August 10th, 2011

interface confusion

I've been trying to find a book to read on inner ring suburb redevelopment. My local library has _Retrofitting Suburbia_, or at least it will once Newton sends it over. In the meantime, I got _Cities and Suburbs_ on the kindle. That means I had to sort through three buttons in order to buy it: rent, buy it for myself (and pick where it should be initially delivered) or buy it as a gift. I think the renting means this is technically a textbook. I accidentally picked the gift button and had to back out, which is a little unfortunate. I doubt I'll make the same mistake twice, but it clearly demonstrates problems associated with so many checkout options. Amazon does a great job; I think this is just part of the cost of Choice.

Poor Birmingham

Their sewer woes have been in and out of the news for a while. Here's a little bit about efforts to assemble a legal team to handle the BK:

http://blog.al.com/spotnews/2011/07/sewer_debt_crisis_jefferson_co.html

I would not ordinarily mention this for a variety of reasons, but I've been poking at "dead malls" and stumbled across (I don't recall and don't care to reconstruct the path) The Source's delinquent balloon mortgage. When I was looking at General Growth's BK after looking up who did the Natick mall condos, I kept asking myself why hadn't SPG had financing troubles. Turns out SPG _did_ have financing troubles, and I'm tempted to characterize what they did with Crossroads in Omaha as jingle mail (why this is okay for a REIT mall owner and someone stigmatized for human home owners persists in confusing me -- it's all contracts), but never mind that now. As near as I can tell, SPG owns 25% of The Source, and The Source owes $124 million that it is not paying. As I was trying to find out current status on that loan, I landed in the July 2011 online issue of Shopping Center Business (a trade publication) and found myself looking at a pretty little table of the top 10 Delinquent Retail Loans -- of which The Source is #9.

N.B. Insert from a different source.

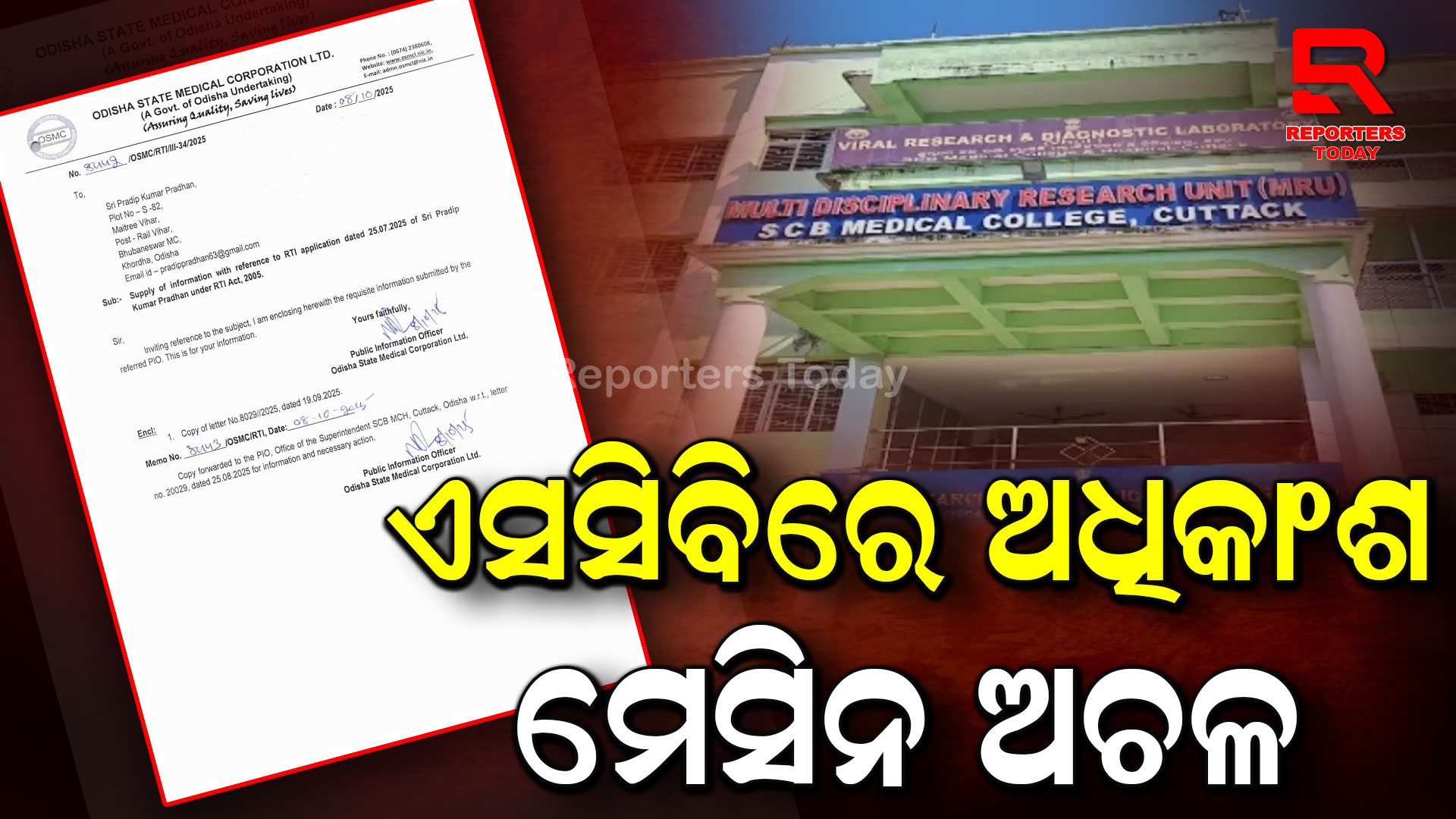 କଟକ:- ସୂଚନା ଅଧିକାର ଆଇନରେ ମିଳିଥିବା ତଥ୍ୟ ଅନୁଯାୟୀ ରାଜ୍ୟର ସର୍ବ ବୃହତ ସରକାରୀ ସ୍ବାସ୍ଥ୍ୟ କେନ୍ଦ୍ର ଏସସିବି ମେଡିକାଲରେ ସଂଖ୍ୟାଧିକ ମେସିନ ଅଚଳ ଅବସ୍ଥାରେ ଖରାପ ହୋଇ ପଡ଼ିରହିଛି । ଏସସିବିରେ ମେସିନ ଗୁଡିକ ବହୁ ଦିନ ହେବ ଅଚଳ ହେବା ଯୋଗୁଁ ଏସସିବିକୁ ଆସୁଥିବା ରୋଗୀମାନେ ବହୁ ଅସୁବିଧାର ସମ୍ମୁଖୀନ ହେଉଛନ୍ତି । ବହୁ ମେସିନ ଖରାପ ଥିବାରୁ ଡାକ୍ତର ମାନେ ରୋଗୀଙ୍କୁ ଫେରାଇ ଦେଉଛନ୍ତି । ଏସସିବିକୁ ନୂଆ ମେସିନ କିମ୍ବା ମେସିନ ଗୁଡିକୁ ମରାମତି ପାଇଁ ରୋଗୀ ଓ ରୋଗୀଙ୍କ ସମ୍ପର୍କୀୟ ଓ ସାଧାରଣରେ ଦାବି ହେଉଥିଲେବି ସେଗୁଡିକୁ ମରାମତି କରାଯାଉ ନାହିଁ l ଏଥିରୁ ସ୍ପଷ୍ଟ ଅନୁମେୟ କରାଯାଇପାରୁଛି ରୋଗୀ ସେବା କିପରି ଚାଲୁଥିବ।
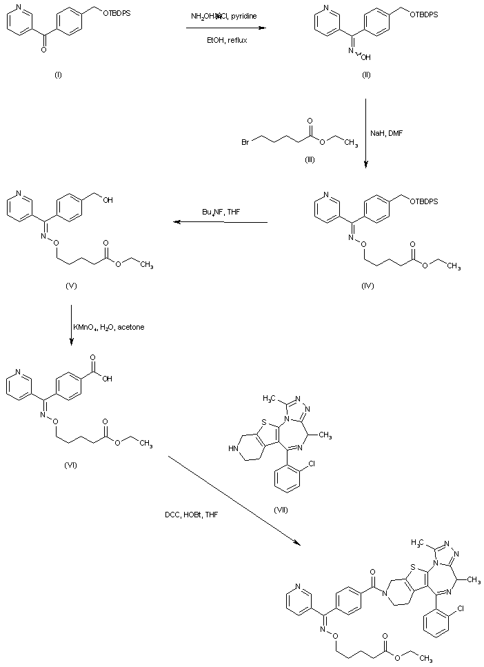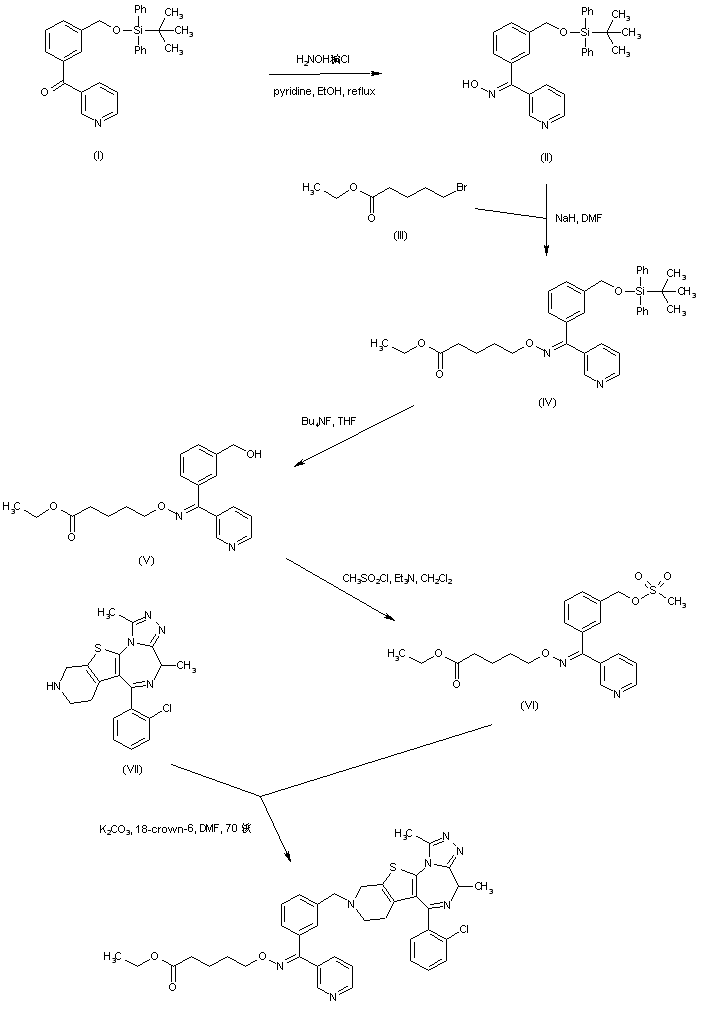 | 合成路线图解说明: Ketone (I) was converted to the corresponding oxime (II) by treatment with hydroxylamine hydrochloride and pyridine. Subsequent alkylation of the oxime (II) with ethyl 5-bromovalerate (III) in the presence of NaH provided (IV). After desilylation of (IV) by means of tetrabutylammonium fluoride, the liberated alcohol (V) was converted to mesylate (VI). The title compound was then obtained by condensation of mesylate (VI) with the pyridothienotriazolodiazepine derivative (VII). |

Want to know what #1 is? $305 million -- yes, dear readers, almost a third of a billion dollars -- on Riverchase Galleria, a mall in Hoover, AL, near Birmingham. The hotel at the mall (I'm sure by this point you were expecting residential in some form, right?) is already in foreclosure.

Poor Birmingham.

People seem very unoptimistic about the prospects for payment on the Riverchase loan; it is expected to wipe out many tranches on the CMBS it is part of.

ETA: Looks like jingle mail on Montclair Plaza as well, by General Growth. So GGP went into BK and came out, but Riverchase Galleria and Montclair Plaza were not included in the BK, and they are the top 2 delinquent retail loans at 305 and 190 million -- a sweet even half billion between the two. Wow. Is this normal? Should I not be shocked by this? Montclair is near San Bernadino, so Inland Empire woes again.